Tencent in China bypassed U.S. chip export restrictions by acquiring Nvidia's Blackwell through Japan.

As the United States continues to tighten restrictions on the export of advanced AI chips to China, large Chinese technology companies have not stopped their demand for advanced processors. Recently, it was revealed that Tencent has indirectly obtained the NVIDIA Blackwell series chips, which were originally banned from being exported to China, through “Computing Power rental” from Japanese operators, attracting outside attention.

Export restrictions intensify, AI Computing Power gap emerges

Against the backdrop of the United States continuously tightening export controls on high-end AI chips, China's AI industry is facing a significant shortage of Computing Power resources.

Despite the government's active promotion of the domestic AI chip supply chain construction, the related performance still struggles to fully replace Nvidia's high-end GPUs in the demand for large, cutting-edge model training. In this situation, major Chinese tech companies, including Tencent, have begun to look for alternative sources of Computing Power that do not involve the import of physical chips.

Avoid physical exports, Computing Power rental becomes a solution.

According to informed sources, Tencent did not directly purchase restricted chips, but instead used the latest Blackwell series GPUs from Nvidia by renting overseas cloud computing power.

Due to the fact that Computing Power rental ( GPU Rental ) has not been explicitly included in the current U.S. export control restrictions, it has become a mode of operation that is between compliance and sensitivity, but is still legal at present.

Japanese cloud service provider connects, Datasection becomes a hub

According to reports, Tencent's actual partner is the Japanese new cloud service provider Datasection. The company has deployed a large number of NVIDIA Blackwell GPUs in multiple locations in Japan and Australia, with a total scale of about 15,000 processors.

Among them, the computing power rental contract amount for a single large client exceeds 1.2 billion USD, and that client is Tencent, which is collaborating with Datasection through a third-party channel.

The Blackwell series is in place, with significantly superior performance.

According to sources, the equipment deployed by Datasection not only includes the Blackwell B200 but has also introduced the updated B300 AI chip.

Even if NVIDIA's Hopper architecture products ( such as H200) are allowed to be sold to China under certain conditions in the future, their overall performance will still have a significant gap compared to the Blackwell generation, which has become one of the important considerations for Chinese companies to prefer renting overseas Computing Power.

Bernstein analysts evaluate that the rental model is more attractive.

According to analysts from the research firm Bernstein, for Chinese technology companies, the continuous adoption of Computing Power rental models may provide greater cost and performance advantages than purchasing legally importable NVIDIA chips.

Analysis suggests that the computing power obtained through overseas cloud services is significantly higher than the hardware options available within China, while also avoiding additional burdens such as equipment setup, long-term maintenance, and compliance management.

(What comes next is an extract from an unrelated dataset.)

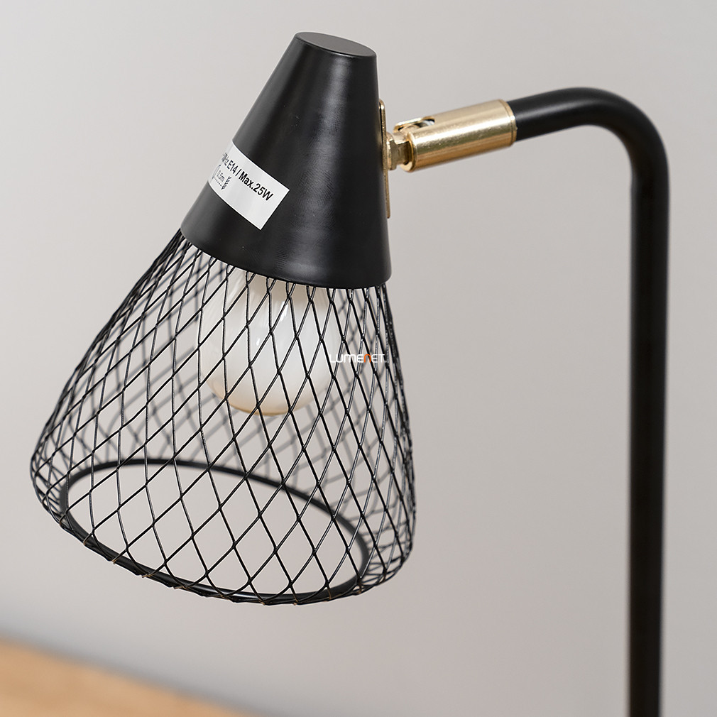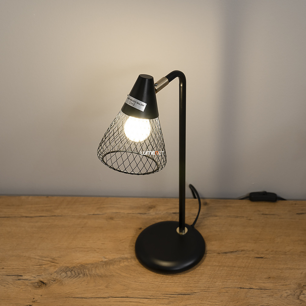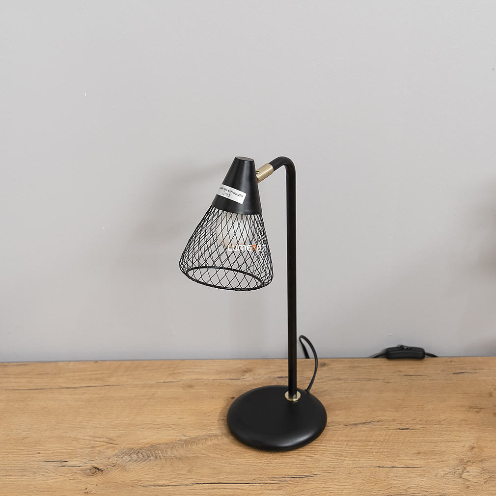 Lampa de masă Fanny Rábalux 3181 cu plasă este realizată într-un stil vintage modern, din metal negru și auriu. Lampa are o înălțime de 46 cm, un diametru de 15 cm și o greutate de 0,94 kg. Are un soclu E14, care permite înlocuirea sursei de lumină, fluxul luminos, temperatura culorii și puterea depinzând de becul ales. Lampa are protecție IP20, fiind potrivită pentru utilizare în interior. Se aprinde și se stinge cu ajutorul unui întrerupător cu cablu, iar cablul are o lungime de 1,6 metri. Dimensiunile ambalajului sunt 47 cm lățime, 17 cm lungime și 17 cm înălțime. Produsul nu include sursa de lumină. Fabricat de Rábalux.

Legal yet controversial, export control boundaries are being tested.

Although Tencent's related operations do not violate current US export control regulations, in the highly sensitive geopolitical environment of AI and semiconductors, it has sparked discussions in the White House about the effectiveness of current regulatory measures.

This shows that China has not completely decoupled from the cutting-edge American AI technology; rather, the method of acquisition is gradually shifting from “buying chips” to “renting Computing Power.”

This article states that Tencent from China bypassed U.S. chip export restrictions and obtained NVIDIA Blackwell through Japan, first appearing in Chain News ABMedia.